The down-vote wasn't for posting about his friend's experience. The down-vote was about his friend and also for blaming Dropbox for something that was 100% his friend's responsibility.
Let's bring it down to a "skin in the game experience".
- Save-up $250K
- Invest all of it in a startup
- Hire a couple of programmers to help you out
- None of you setup any local backups
- You choose to rely on web service X for backups
- You don't test anything 'cause everyone is doing it this way
- You still don't have local backups
- A year later something goes wrong and you loose all of your work
- You just lost all of your time, money and the startup tanks
- You go online and blame service X for your loss
Clearly service X had nothing to do with the series of decisions and actions that led to your loss. Your loss was due to "pilot error" and plain-old home-grown incompetence. Nothing more, nothing less. Blaming someone else might feel good, but the reality is that a less-than-professional treatment of the matter is what caused the loss. Service X was just along for the ride.
I quit blaming others a long, long time ago. In my experience you can do forensics in almost all of these situations and identify someone who was either dumb, lazy or incompetent who ended-up giving you the gift of irrecoverable data loss.

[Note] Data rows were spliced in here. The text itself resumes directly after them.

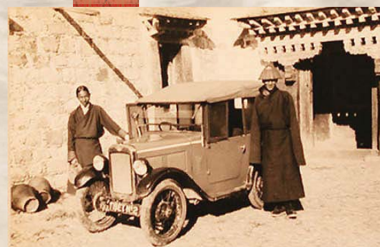
The Dalai Lama introduced the first car on the Roof of the World
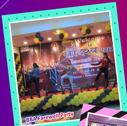
BBA Farewell Party
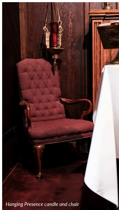
Hanging Presence candle and chair
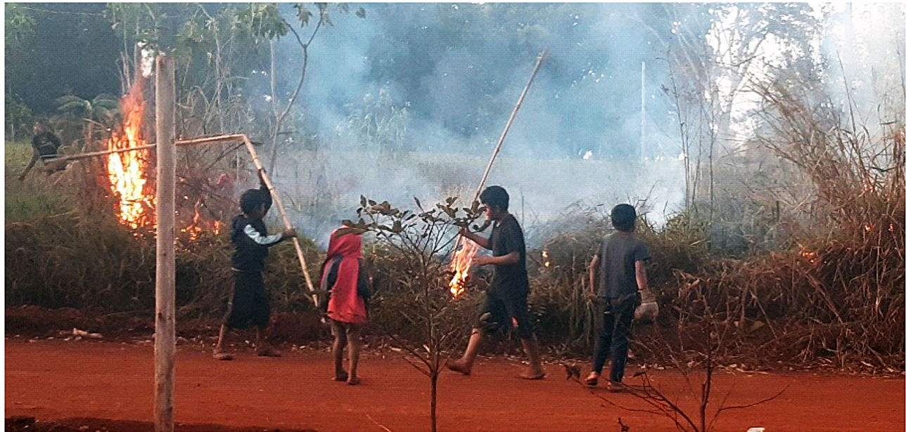
Figure 2 - Guarani and Kaiowá children putting out fire in the Dourados Indigenous Reserve.

Indigenous Reserve has been affected and degraded by the proximity to the urban center of the city of Dourados. There are facts that show how necessary action is, and often it will be the children who will participate, to advance or to acquire their rights. Figure 2 shows a fire in the Jaguapiru Village and the action of children, who with great courage went to put out the fire so that it did not reach the adjacent woods. What is exciting is that the Guarani and Kaiowá indigenous children were not paralyzed by the fear of flames, but understanding the harm that the fire would do to the village, they organized themselves as possible to put out the fire. In situations like this, children act with an instinct to defend the preservation of life on Earth, characterized in their ancestry.
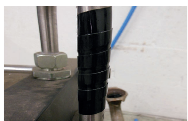
DripStop applied on a tube
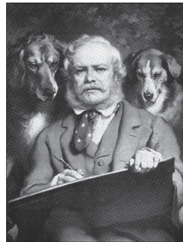
Fig. 4. An 1865 print of Landseer’s ‘The Connoisseurs’: a self-portrait with two of his dogs.

The best way of studying dog colour genetics is by way of recording breeding histories, but prior to the late Victorian dog fancy, there was very little interest in recording the breeding of dogs. Thus the historical
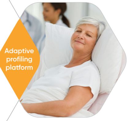
Adaptive profiling platform
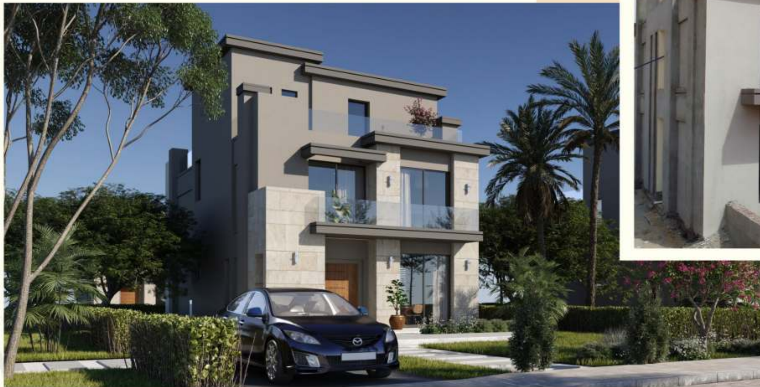
LA VISTA CITY - GOLDEN SQUARE EXTENSION
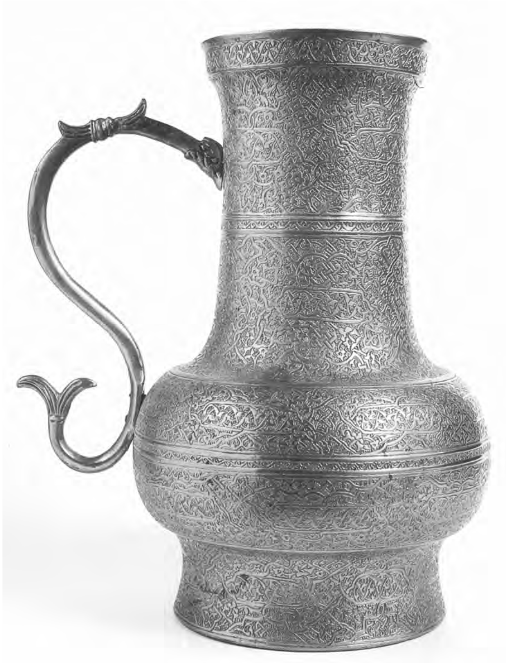
Fig. 5. Jug of Veneto-Saracenic style, Poldi Pezzoli in Milan (Inv. 1656)

Like I said in my original post, I was EXTREMELY lucky to have learned this lesson while in college. I lost six months of work of a project for the Physics department to a drive failure. Horribly painful. Ugly. I am so thankful for having learned that lesson in that context. It would have sucked to have learned it outside of academia and while working on projects where data loss could have resulted in significant financial loss.
My sentiment stands: With local storage being so plentiful and inexpensive these days there is no excuse for not having multiple redundant backups of anything that is important. You can even have a policy of shipping physical redundant backups to another storage location to mitigate the possibility of your local backups being compromised by something like a building-wide fire.
In another post I treat the other fundamental issue of backups over connectivity such as DSL.
I reached out to Dropbox support but got no response yet.